Exercise prompt:
What you submit must be an exact copy of the listing below, with no images in it.

Stored data:
---------------

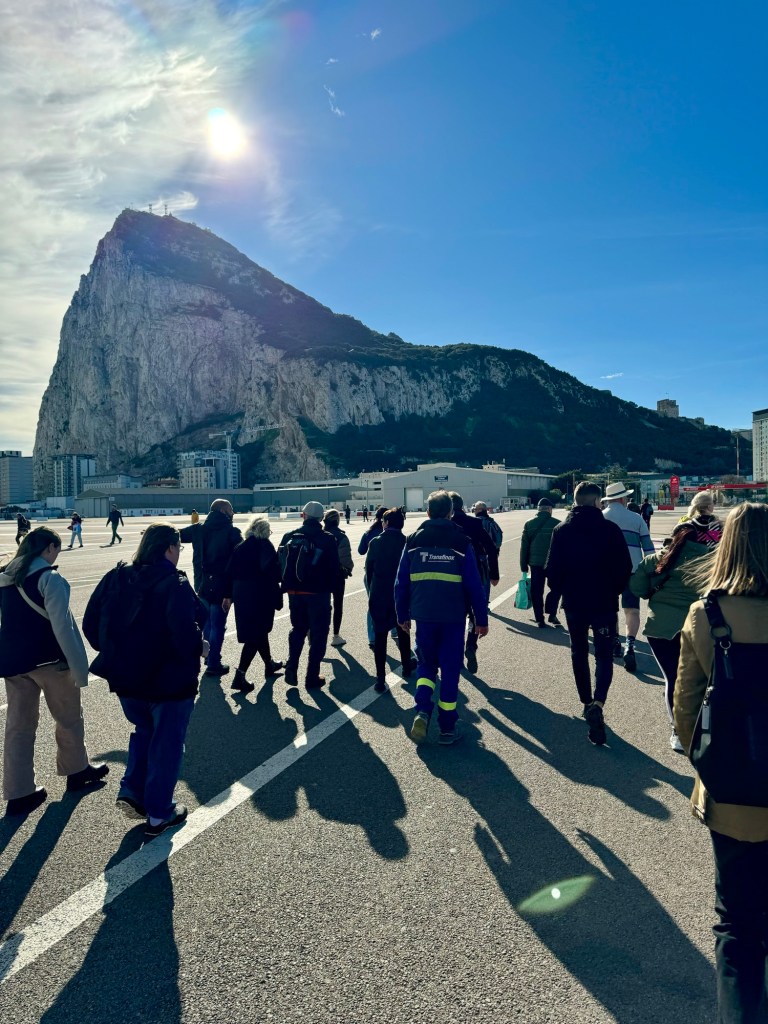 It’s not an island, but to get into Gibraltar after going through customs and immigration you need to cross the airports tarmac. There is now a road tunnel under it that opened 12 months ago but foot traffic still walks across. It’s far quicker to get through the border as a pedestrian, so the tour companies walk you across and out you on a local tour bus on the Gibraltar side.
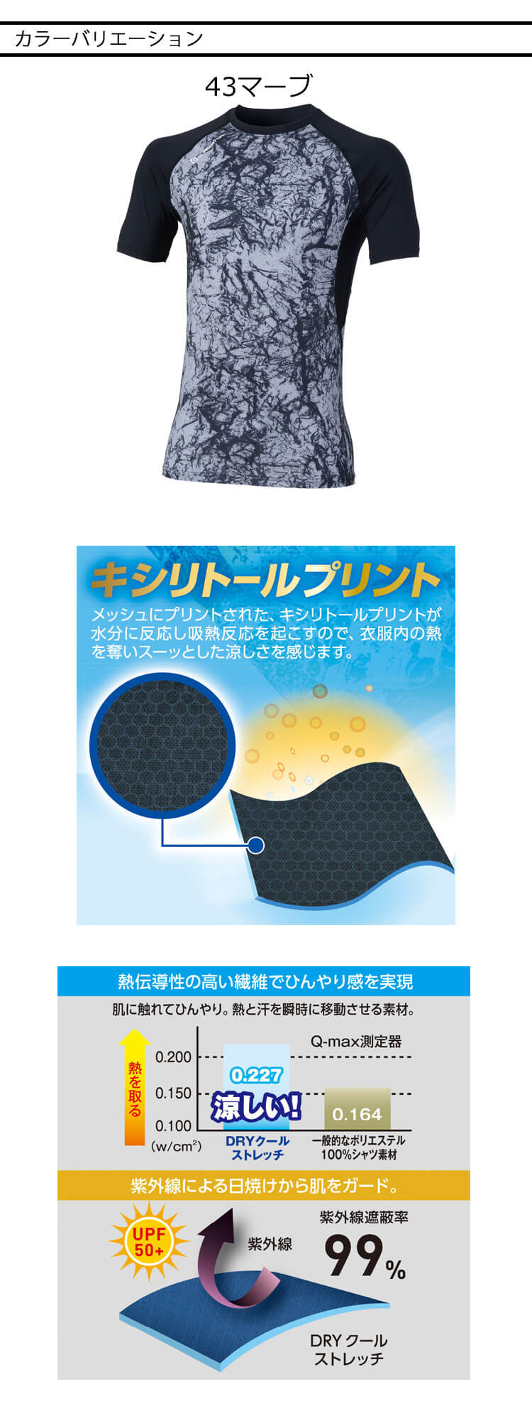 ■キシリトールメッシュ:首元・両脇メッシュ裏面のキシリトールプリントで-3℃の冷却効果
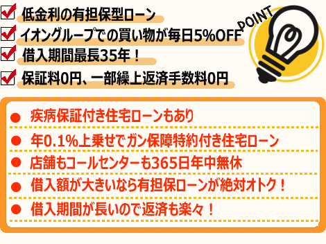 リフォームする物件にイオン銀行を第一順位の抵当権を設定することが必要になりますが、無担保型のリフォームローンに比べて、圧倒的低金利です。
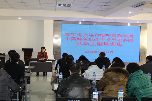 2014年12月11日—12日,农工党大连市委会为了深入推动坚持和发展中国特色社会主义学习实践活动,在大连景苑大厦举办为期二天的基层骨干主题培训班。农工党大连市委会副主委李志主持培训。

---------------

Result of the exercise:
 It’s not an island, but to get into Gibraltar after going through customs and immigration you need to cross the airports tarmac. There is now a road tunnel under it that opened 12 months ago but foot traffic still walks across. It’s far quicker to get through the border as a pedestrian, so the tour companies walk you across and out you on a local tour bus on the Gibraltar side.
 ■キシリトールメッシュ:首元・両脇メッシュ裏面のキシリトールプリントで-3℃の冷却効果
 リフォームする物件にイオン銀行を第一順位の抵当権を設定することが必要になりますが、無担保型のリフォームローンに比べて、圧倒的低金利です。
 2014年12月11日—12日,农工党大连市委会为了深入推动坚持和发展中国特色社会主义学习实践活动,在大连景苑大厦举办为期二天的基层骨干主题培训班。农工党大连市委会副主委李志主持培训。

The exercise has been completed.